YOUR ASSIGNMENT –
In this exercise, the entries below include pictures. Repeat exactly the lines from the line with "Outsunny Sonnenschirm Ø196" to the line with "where Δm (mg)", including both, but without the pictures.

RECORDS FOR THIS EXERCISE below:

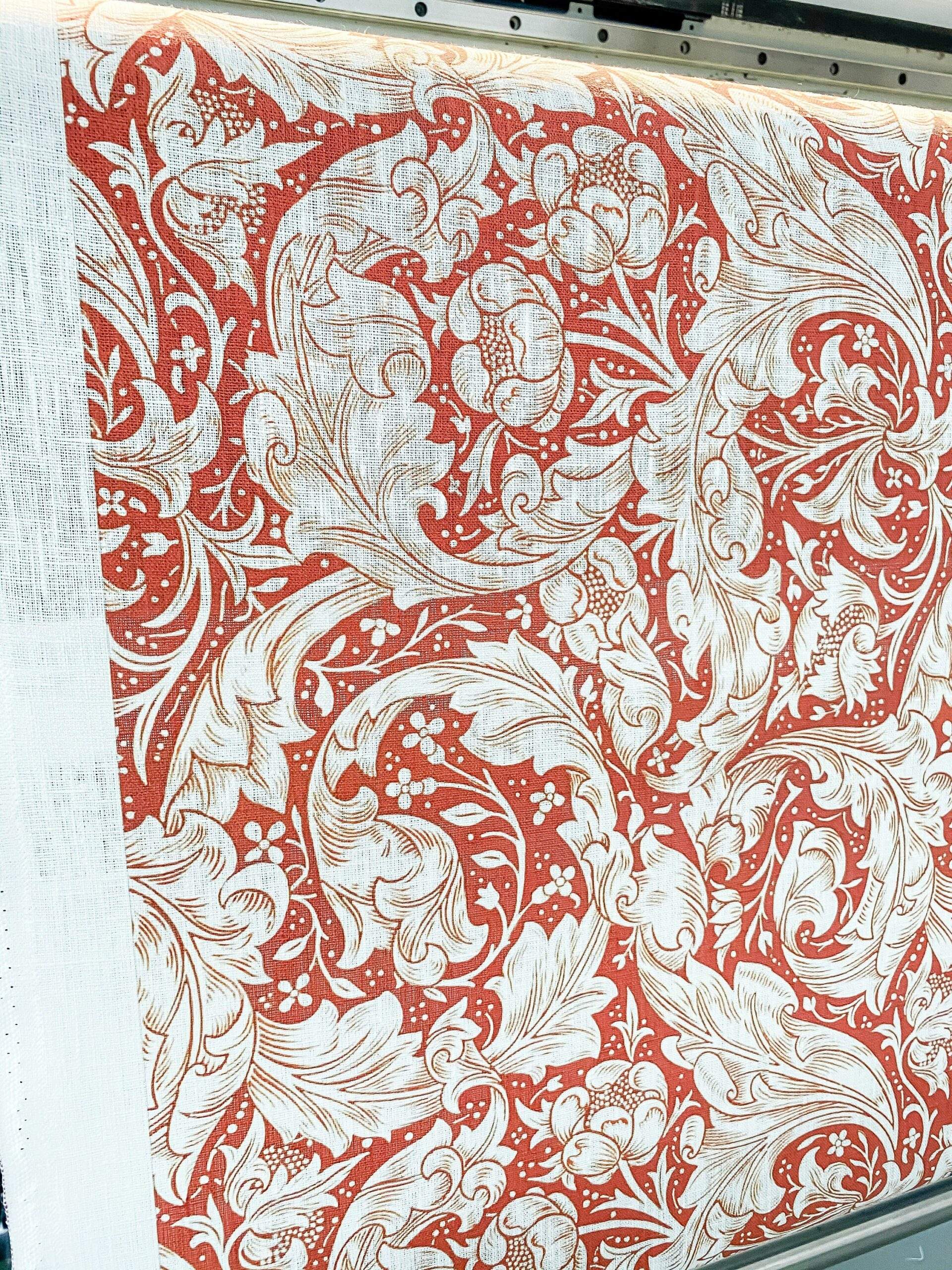Placemats set William Morris “Bachelors Button”, red color. Linen placemats set. We have matching table runner and napkins.
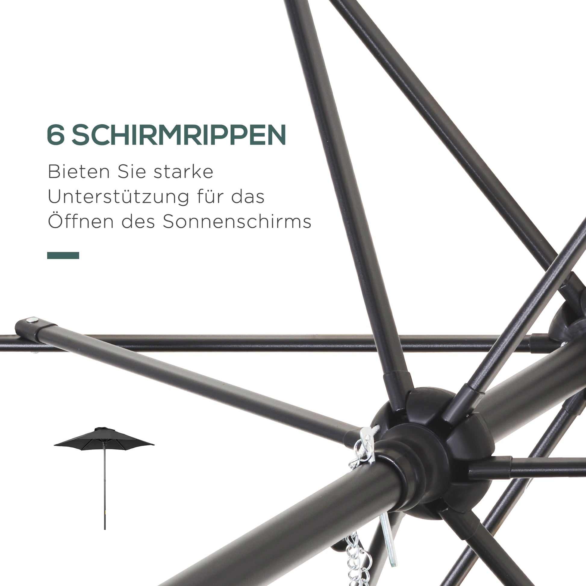 Outsunny Sonnenschirm Ø196 cm, sechseckiger Balkon-Sonnenschirm, windfester Marktschirm, Kurbel-Sonnenschirm, Sonnenschutz für Strand, Balkon, Garten, Schwarz
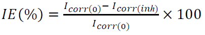 where Δm (mg) is the weight loss, S (cm2) is the area, t (h) is the immersion period, and W0 (mg/cm-2/h-1) and W (mg/cm-2/Vh-1) are the MS corrosion rates, without and with inhibitors, respectively.
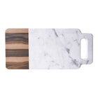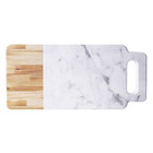 Serve your guests everything from freshly-baked bread to signature hors d'oeuvres with this Elite Global Solutions M715RCM-HWC Sierra 15" x 7" faux hickory wood and carrara marble melamine serving board. Featuring the style of warm hickory wood mixed with carrara marble, in a heavy weight melamine design, this board gives you the look you want, with the practicality you need. It's easier to clean and more sanitary than a wooden board, with a chip- and stain-resistant surface that's resistant to mold and mildew growth, too. Plus, its handle makes it easy for wait staff to transport the board from the kitchen to the dining and room and back.
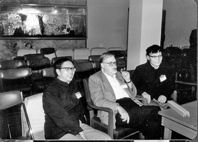 1984年,同济大学主办第二届地震工程会议,朱伯龙(左一)、吕西林(右一)与国外学者交谈。作者供图
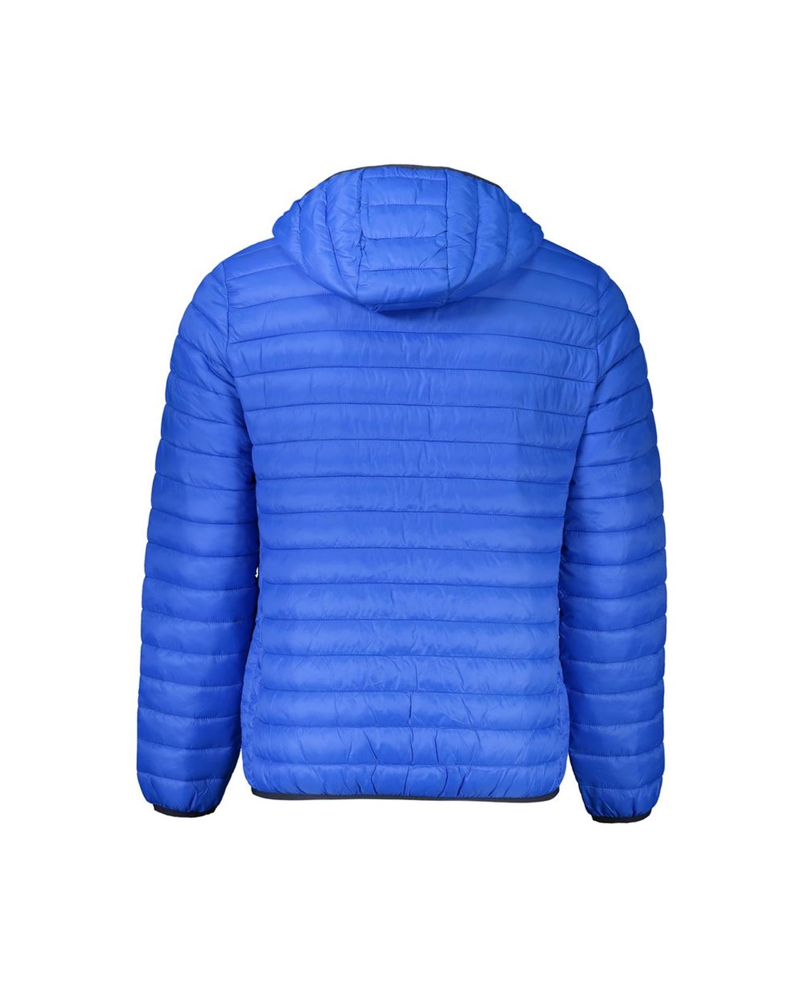 This men’s jacket features a stylish blue color with a lightly padded design, making it suitable for various weather conditions. It offers a practical hood and a sleek zip front for easy wear. The jacket includes multiple pockets for convenience and a distinctive logo applique for a fashionable touch.
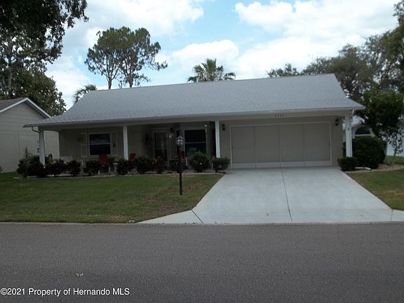 Gorgeous home located in Timber Pines has been completely upgraded. Newer tilt in windows, wood flooring, both baths have walk in showers, water filtration system for kitchen sink and refrigerator ice maker. All light switches and receptacles have been upgraded. Newer stainless steel appliances in kitchen. Nice kitchen cabinets with additional storage space. Heavy duty garage door plus some hurricane shutters. Water heater and heat exchanger new in '21. Roof replaced in 2021. Enjoy seating on the lovely front porch or on the rear patio. This home has so much to offer and is move in ready. Don't wait to see this home.
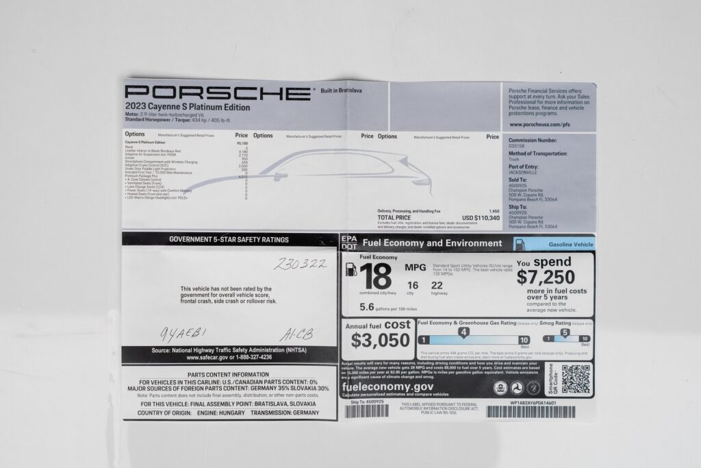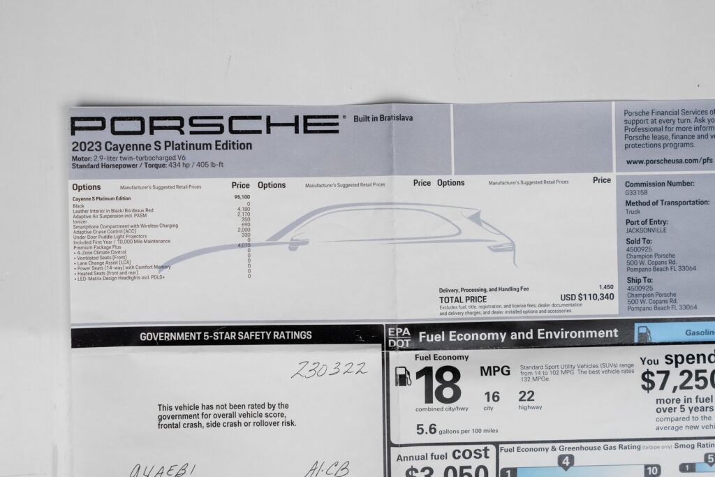 Welcome to TxtCharlie, your go-to place for purchasing cars in Fort Lauderdale. Our showroom is located at 2125 S Federal Highway, Fort Lauderdale, FL 33316, just 5 minutes from Fort Lauderdale Airport. We make out-of-state sales easy with nationwide shipping. To help you get a better feel for our inventory, we offer Facetime calls for virtual tours. Our reputation speaks for itself with over 1000 Google reviews at 5 stars. We offer competitive, no-haggle pricing to take the stress out of buying a car. Our dealer fee is $1,399. Drop by to see our collection, and let us make your car-buying experience smooth and enjoyable. Private Tag Agency Fee of $399 in Florida State or $499 out of State.Clean CARFAX. CARFAX One-Owner. Black 2023 Porsche Cayenne S AWD 8-Speed Automatic with Tiptronic 2.9L V6Red Leather.

End of RECORDS FOR THIS EXERCISE.

RESPONSE TO THIS EXERCISE –
 Outsunny Sonnenschirm Ø196 cm, sechseckiger Balkon-Sonnenschirm, windfester Marktschirm, Kurbel-Sonnenschirm, Sonnenschutz für Strand, Balkon, Garten, Schwarz
 where Δm (mg) is the weight loss, S (cm2) is the area, t (h) is the immersion period, and W0 (mg/cm-2/h-1) and W (mg/cm-2/Vh-1) are the MS corrosion rates, without and with inhibitors, respectively.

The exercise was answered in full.